System.String provides a number of methods you would expect from such a utility class, including methods that return the length of the character data, find substrings within the current string, and convert to and from uppercase/lowercase. Table 3-5 lists some (but by no means all) of the interesting members.
String Member | Meaning in Life |
---|---|
Length | This property returns the length of the current string |
Compare() | This static method compares two strings. |
Contains() | This method determine whether a string contains a specific subtstring. |
Equals() | This method tests whether two string objects contain identical character data. |
Format() | This static method formats a string using other primitives (e.g., numerical data, other strings) and the {0} notation examined earlier. |
Insert() | This method inserts a string within a given string. |
PadLeft() PadRight() | These methods are used to pad a string with some characters. |
Remove() Replace() | Use these methods to receive a copy of a string with modifications (characters removed or replaced). |
Split() | This method returns a String array containing the substrings in this instance that are delimited by elements of a specified char array or string array. |
Trim() | This method removes all occurrences of a set of specified characters from the beginning and end of the current string. |
ToUpper() ToLower() | These methods create a copy of the current string in uppercase or lowercase format, respectively. |
Working with the members of System.String is as you would expect. Simply declare a string variable and make use of the provided functionality via the dot operator. Be aware that a few of the members of System.String are static members and are, therefore, called at the class (rather than the object) level. Assume you have created a new Console Application project named FunWithStrings. Author the following method, which should be called from within Main():
static void BasicStringFunctionality() { Console.WriteLine("=> Basic String functionality:"); string firstName = "Freddy"; Console.WriteLine("Value of firstName: {0}", firstName); Console.WriteLine("firstName has {0} characters.", firstName.Length); Console.WriteLine("firstName in uppercase: {0}", firstName.ToUpper()); Console.WriteLine("firstName in lowercase: {0}", firstName.ToLower()); Console.WriteLine("firstName contains the letter y?: {0}", firstName.Contains("y")); Console.WriteLine("firstName after replace: {0}", firstName.Replace("dy", "")); Console.WriteLine(); }
Not too much to say here, as this method simply invokes various members, such as ToUpper() and Contains(), on a local string variable to yield various formats and transformations. Figure 3-9 shows the initial output.

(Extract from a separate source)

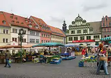 Like other eastern German cities, Weimar has a relatively small foreign population (compared to the German average): circa 4.0% are non-Germans by citizenship, while 7.9% have a migrant background (according to 2011 EU census).[11] Differing from the national average, the biggest groups of migrants in Weimar are Vietnamese people, Russians and Ukrainians. During recent years, the economic situation of the city improved: the unemployment rate declined from 20% in 2005 to 5.1% in 2019.[12] Due to the official atheism in the former GDR, most of the population is non-religious. 21.1% are members of the Evangelical Church in Central Germany and 6.8% are Catholics (according to 2011 EU census).[13]
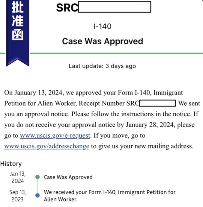 批准通知:陈女士于2024年1月13日收到了批准通知,标志着她的NIW移民申请顺利通过。

Figure 3-9 Basic string manipulation
While this output may not seem too surprising, the output seen via calling the Replace() method is a tad bit misleading. In reality, the firstName variable has not changed at all; rather, we receive back a new string in a modified format. We will revisit the immutable nature of strings in just a few moments.
string variables can be connected together to build larger strings via the C# + operator. As you may know, this technique is formally termed string concatenation. Consider the following new helper function:
static void StringConcatenation() { Console.WriteLine("=> String concatenation:"); string s1 = "Programming the "; string s2 = "PsychoDrill (PTP)"; string s3 = s1 + s2; Console.WriteLine(s3); Console.WriteLine(); }
You may be interested to know that the C# + symbol is processed by the compiler to emit a call to the static String.Concat() method. In fact, if you were to compile the previous code and open the assembly within ildasm.exe (see Chapter 1), you would find the common intermediate language (CIL) code shown in Figure 3-10.
Figure 3-10The C# + operator results in a call to String.Concat()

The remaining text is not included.